[logback-dev] [JIRA] Commented: (LBCORE-97) Starvation on AppenderBase.doAppend

Joern Huxhorn jhuxhorn at googlemail.com
Mon Jun 1 15:51:56 CEST 2009

Hi Ralph,

On 01.06.2009, at 03:39, Ralph Goers wrote:

> On May 31, 2009, at 6:11 AM, Joern Huxhorn wrote:
>> The sledgehammer synchronization using synchronized on the instance  
>> itself is definitely a mistake as I've shown in the bug report.
>> A first (and absolutely necessary step!!) is to replace it with a  
>> fair ReentrantLock so Logback isn't responsible for starvation  
>> situations anymore.
> While that may be true of AppenderBase, the point I've been making  
> is that since UnsynchronizedAppenderBase doesn't lock the issue is  
> avoided completely (at least at this level).

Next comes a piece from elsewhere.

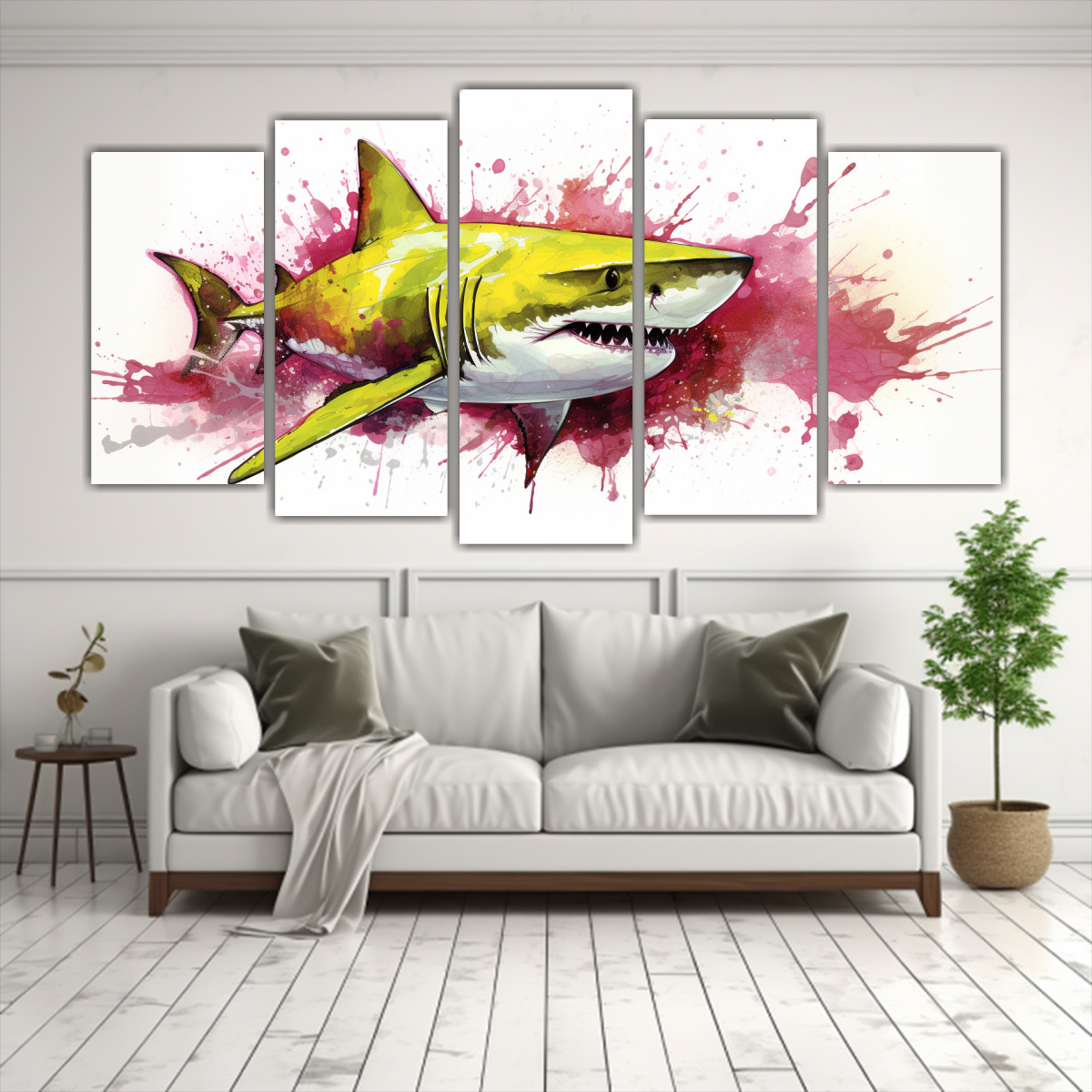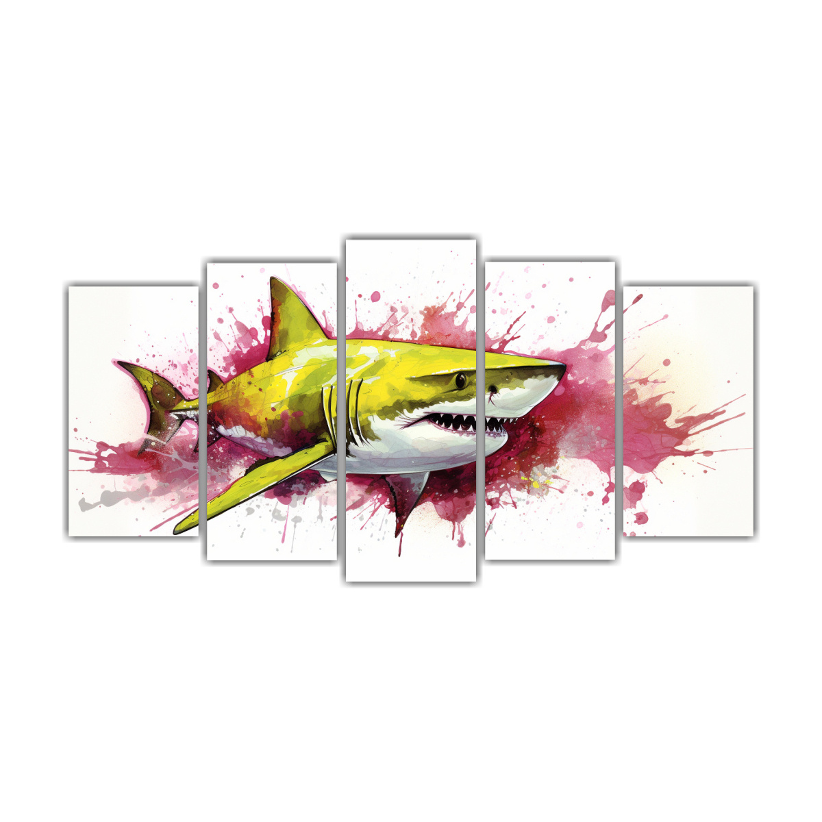 Transforma tu espacio con este cuadro de tela neo pop Destaca la fuerza del tiburón toro en tonos vibrantes para darle vida a tu ambiente Atrévete a colocarlo en la sala para un impacto visual poderoso y moderno

But locking will occur at some point and has to be done fairly.  
Otherwise starvation will happen on multi-core systems.
I can't imagine an appender that doesn't have to lock at *some* point.  
Do you have any use case for this?

It would be possible to generally use a fixed-size blocking queue  
(fair!) in case of UnsynchronizedAppenderBase, leaving the async  
handling of events put into the queue to the actual implementation.  
Assuming, of course, detached data objects again.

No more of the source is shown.